*Data records*

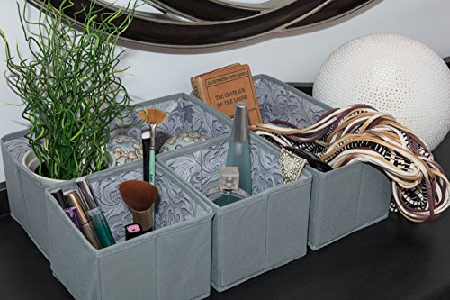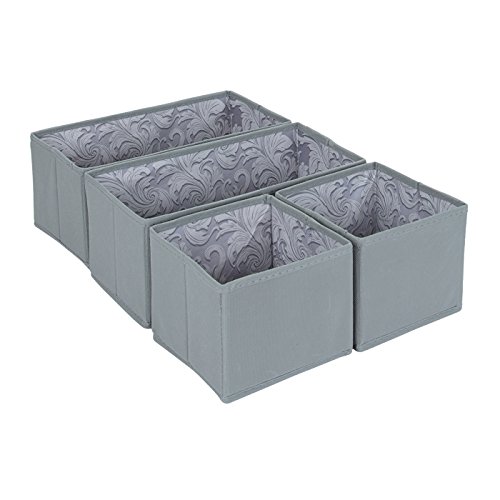 SbS Fabric Dresser, Drawer, Closet Organizer Boxes Cubes Bins. Store socks ties underwear gloves bras tights bibs and diapers - Spanish Gray, Feather Leaf Interior - 4 Pack (2 Medium, 2 Small)
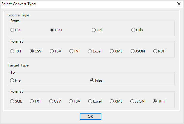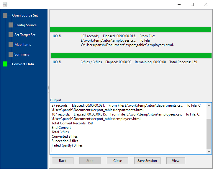 Select source CSV files -> Set HTML files -> Convert CSV files to HTML tables
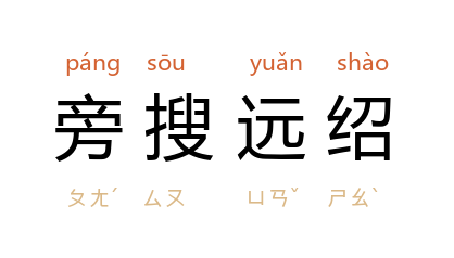 引唐 韩愈 《进学解》:“寻坠绪之茫茫,独旁搜而远绍。”清 魏源 《书古微》序:“坠绪茫茫,旁搜远绍,其得於经者凡四大端。”亦作“旁蒐远绍”。 王国维 《<玉谿生年谱>序》:“君独旁蒐远绍,博采 唐 人文集、説部及金石文字,以正 刘 宋 二书之失。”
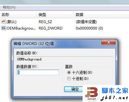 2.在注册表依次展开,找到以下键值: HKEY_LOCAL_MACHINE\SOFTWARE\Microsoft\Windows\CurrentVersion\Authentication\LogonUI\Background 将OEMBackground的值改为“1”。
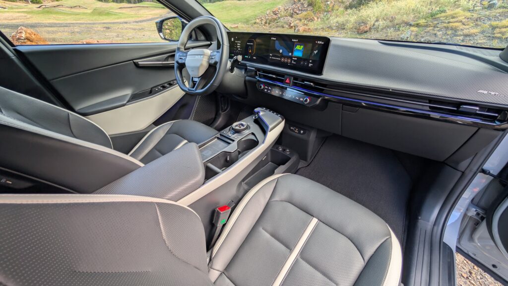 Scaunele sunt printre cele mai bune din segment – susținere laterală bună, reglaje multiple și un design al tetierelor cu reglaj atât orizontal, cât și vertical, nu doar prin pivotare. Totuși, un jurnalist de 1,98 m înălțime a observat că ar mai putea folosi câțiva centimetri de spațiu la cap – atât față, cât și spate. Pasagerii de pe bancheta spate au acces la încălzire, dar și ei vor simți limitele înălțimii interioare dacă depășesc media. Portbagajul oferă 24,4 picioare cubice de spațiu, însă frunk-ul (portbagajul frontal) este extrem de mic – suficient doar pentru câteva accesorii, cabluri de încărcare sau câteva scule.
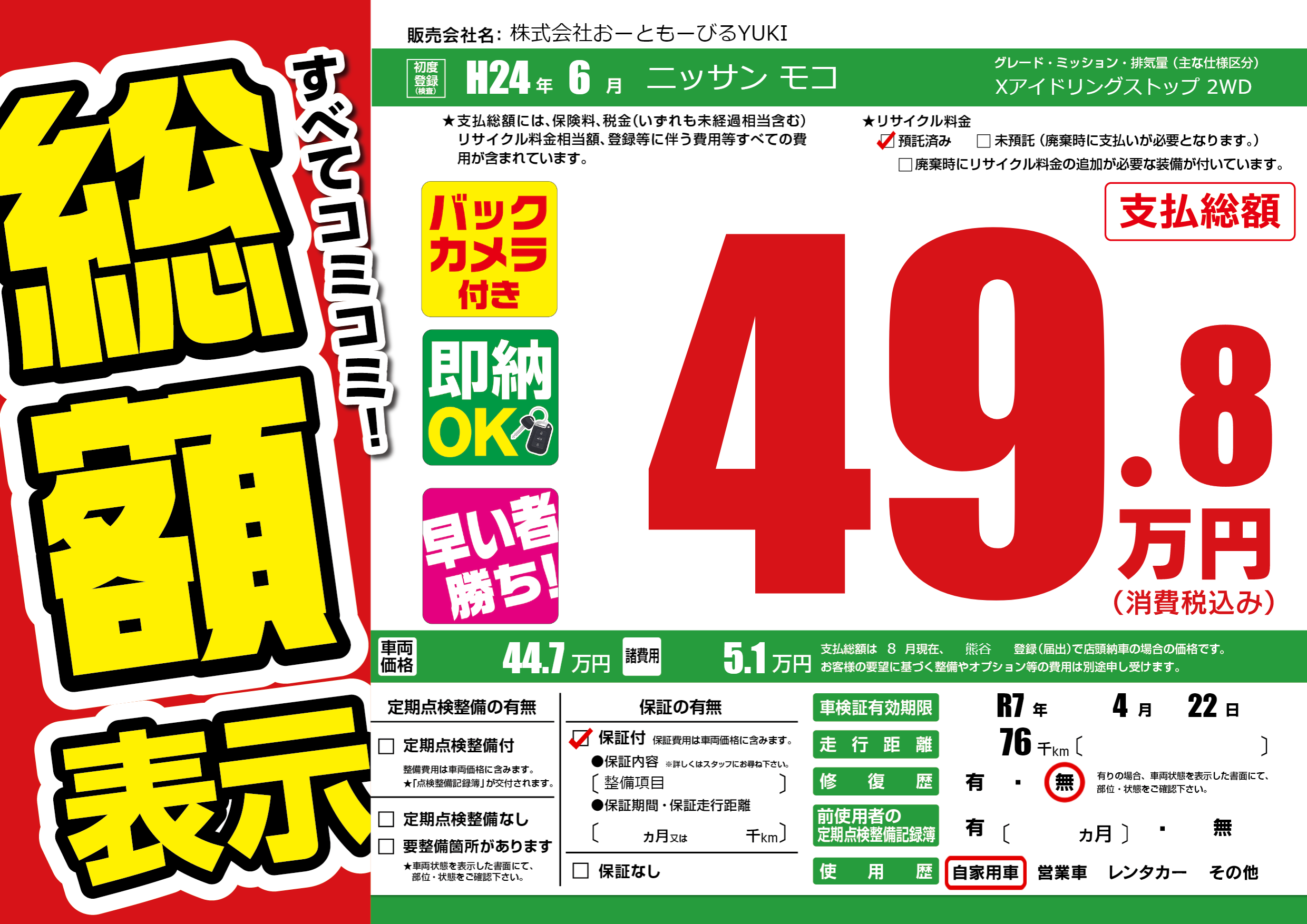 | 車名 | ニッサン モコ | グレード ミッション 排気量 |
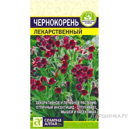 Чернокорень Лекарственный 0,1гр. ЦП - Двулетнее декоративное растение с ароматными цветками. Растение формирует куст высотой до 1 м, с сизо-зелеными густо опущенными листьями. Соцветие метельчатое, цветки воронковидные, темно-красные, иногда красно-синие. Обладает лекарственными свойствами. Корни и листья применяют как успокаивающее при болях, судорогах, кашле, ожогах, укусах змей. Прекрасный медонос. Отличный инсектицид - корни и листья используют для борьбы с грызунами. Подсохшие растения можно разложить на зиму в садовых домиках, у корней плодовых деревьев, погребах. Все части растения ядовиты! Отправления бывают при передозировке! Предпочитает солнечные участки. Для посадки подходит открытый участок с питательным хорошо дренированным грунтом. Хорошо растет на почвах со щелочной или нейтральной реакцией. Обладает высокой зимостойкостью, высевают в открытый грунт весной или под зиму, заглубляя семена в почву на 2-4 см по схеме 25х30 см. Необходимо систематически поливать посевы. При весеннем посеве всходы появляются через 3 недели. При необходимости их можно перенести на другое место, пересадку необходимо производить с земляным комом. Чернокорень неприхотлив: даже в засушливый жаркий период его поливают редко, плохо переносит застой влаги. Чтобы кусты не развалились и сохранили свою декоративность, длинные стебли подвязывают. В первый год жизни чернокорень не подкармливают, затем подкормки проводят ранней весной и в начале июня комплексным удобрением. Сбор листьев в качестве лекарственного сырья проводят в период цветения, в июле, сбор корней проводят осенью.
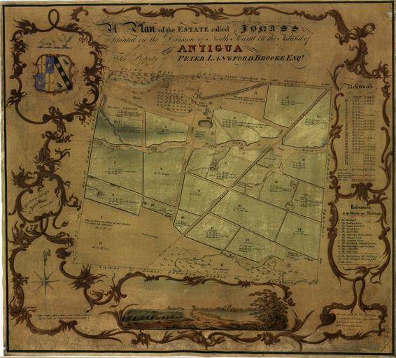 | Keywords: A Plan of the Estate Called Jonas's Situated in the Division of North Sound in the Island of Antigua, the Property of Peter Langford Brooke, Esquire WDL647.png Artwork ru Бейке Джеймс Х fr Baker James H en Baker James H zh 克 詹姆斯·H pt Baker James H ar بيكر جيمس ه es Baker James H ru План поместья над названием Ионас асположенного на севе о-восточном участке ост ова Антигуа владение Пите а Лэнгфо да Б ука эсквай а fr Plan du domaine Jonas se trouvant dans la partie Nord de l'île d'Antigua résidence de Peter Langford Brooke Esquire en A Plan of the Estate Called Jonas's Situated in the Division of North Sound in the Island of Antigua the Property of Peter Langford Brooke Esquire zh 安提 岛北湾 区的乔纳斯之家平 图,彼得·兰福德·布鲁克先生的房产 pt Uma Planta da Propriedade chamada Jonas situada na Divisão do Canal Norte na Ilha de Antigua Propriedade de Peter Langford Brooke Advogado ar رسم تخطيطي للعزبة المسماة جوناس والواقعة في جزء اللسان البحري الشمالي في جزيرة أنتيغوا، ملك بيتر لانغفورد بروك المحترم ru В колониальный пе иод в собственности семейства Лэнгфо д Б ук из чеши ской де евни иэ Англия находилось несколько объектов на ост ове Антигуа а этой ка те 1821 года изоб ажено поместье Джонас В п авой части ка ты п иводятся сведения о наделах земли отведенных для вы ащивания саха ного т остника и д угих целей а также дается ключ к ст оениям плантации включавшим вет яную мельницу котельную сушильное отделение пог еб для ома комнаты смот ителя дом для больных помещение для заготовок большой дом и офис загоны для мулов и скота а соп оводительном плане составленном тем же топог афом более под обно изоб ажены п оизводственные блоки и ст оения поместья Пе выми жителями Антигуа была на одность сибоней позднее здесь п оживали а аваки и индейцы-ка ибы Х истофо Колумб был пе вым ев опейцем ступившим на ост ов в 1493 году и назвал его Санта- а ия-де-ла-Антигуа В 1632 году б итанцы основали на Антигуа колонию и начали ввозить большое количество абов из Аф ики для аботы на плантациях саха ного т остника В 1834 году абы получили свободу однако многие из бывших абов остались аботать на плантациях В 1981 году Антигуа об ела независимость став частью госуда ства Антигуа и Ба буда <br>Плантации fr Pendant la période coloniale la famille de Brooke Langford de Mere dans le Cheshire en Angleterre possédait plusieurs propriétés sur l'île d'Antigua Cette carte de 1821 montre le domaine Jonas Les références sur la droite apportent des informations sur la part des terres consacrées à la production de canne à sucre et à d'autres utilisations ainsi qu'une indication relative aux structures de la plantation qui comprenaient le moulin à vent la chaufferie le séchoir la cave à rhum les chambres pour les surveillants l'infirmerie et la chambre de repos la maison de maitre et des bureaux ainsi que des enclos pour les mules et les bovins Un plan de terrain en annexe préparé par le même géomètre décrit plus en détail les travaux et les bâtiments Les premiers habitants d'Antigua étaient issus du peuple Siboney suivis d'Indiens Arawaks et Caraïbes En 1493 Christophe Colomb fut le premier Européen à visiter l'île Il l'a baptisée Santa Maria de la Antigua En 1632 les Britanniques y établirent une colonie et commencèrent à faire venir un grand nombre d'esclaves d'Afrique pour travailler sur les plantations de canne à sucre Les esclaves furent affranchis en 1834 mais de nombreux anciens esclaves ont continué à travailler sur les cultures de canne à sucre En 1981 Antigua est devenue indépendante en tant que partie d'Antigua-et-Barbuda <br>Plantations en In the colonial period the Langford Brooke family of Mere in Cheshire England owned several properties on the island of Antigua This map from 1821 shows the Jonas estate The references at the right provide information about the shares of land devoted to growing sugar cane and to other uses as well as a key to the plantation s structures which included the windmill boiling house curing house rum cellar the overseer s rooms the sick house and laying-in room the great house and offices and pens for mules and cattle An accompanying ground plan produced by the same surveyor depicted the estate s works and buildings in more detail Antigua s earliest inhabitants were the Siboney people followed by Arawak and Carib Indians The first European to visit the island was Christopher Columbus in 1493 who named it Santa Maria de la Antigua In 1632 the British established a colony on Antigua and began importing large numbers of slaves from Africa to work on its sugar cane plantations The slaves were freed in 1834 but many former slaves continued to work on the sugar plantations In 1981 Antigua became independent as part of the country of Antigua and
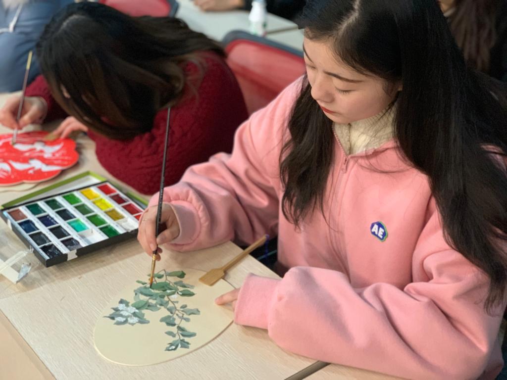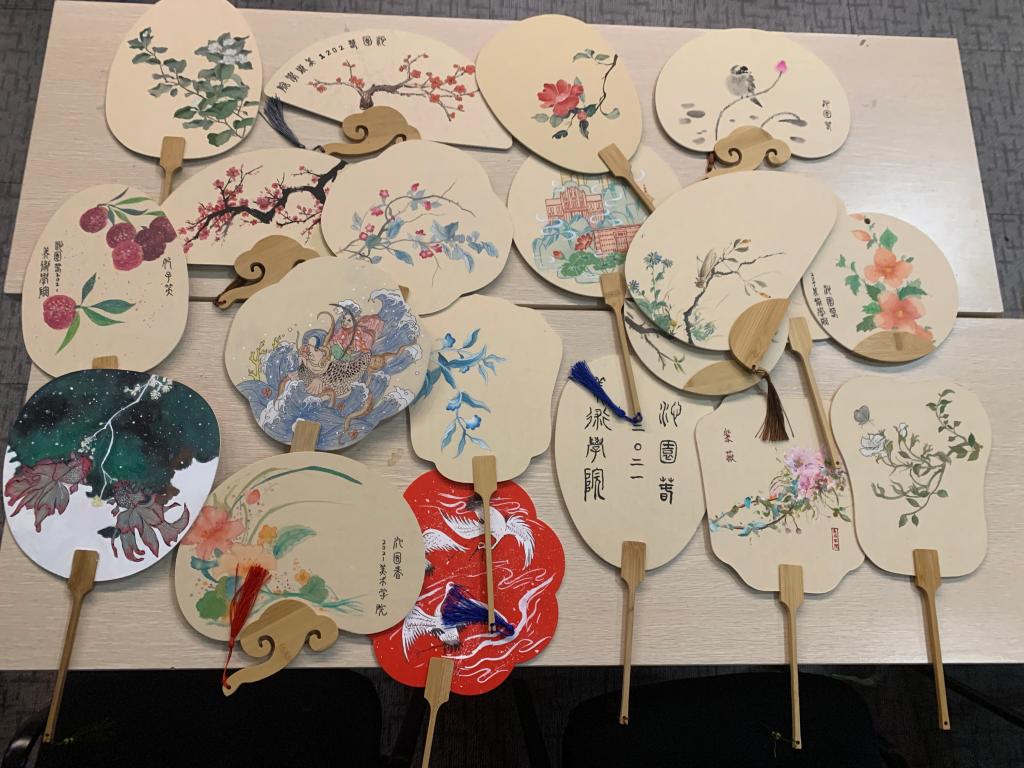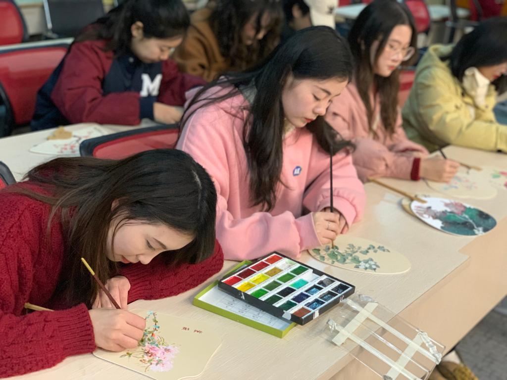 红梅、蔷薇、桃花等各色花卉,再配上小篆字体的文案,一幅花鸟图就出现在了纸扇的扇面上,这就是美术学院学生为学院“沁园春”晚会制作的20余个“扇子版”邀请函。12月23日,收到这份特色邀请函的老师们直呼“学生们有心了!”。

*Exercise aim*
Only the lines starting at the one that includes "Scaunele sunt printre" and ending at the one that includes "ミッション 排気量 |" should be retyped, exactly, from the records above; no pictures.

*Task solution*
 Scaunele sunt printre cele mai bune din segment – susținere laterală bună, reglaje multiple și un design al tetierelor cu reglaj atât orizontal, cât și vertical, nu doar prin pivotare. Totuși, un jurnalist de 1,98 m înălțime a observat că ar mai putea folosi câțiva centimetri de spațiu la cap – atât față, cât și spate. Pasagerii de pe bancheta spate au acces la încălzire, dar și ei vor simți limitele înălțimii interioare dacă depășesc media. Portbagajul oferă 24,4 picioare cubice de spațiu, însă frunk-ul (portbagajul frontal) este extrem de mic – suficient doar pentru câteva accesorii, cabluri de încărcare sau câteva scule.
 | 車名 | ニッサン モコ | グレード ミッション 排気量 |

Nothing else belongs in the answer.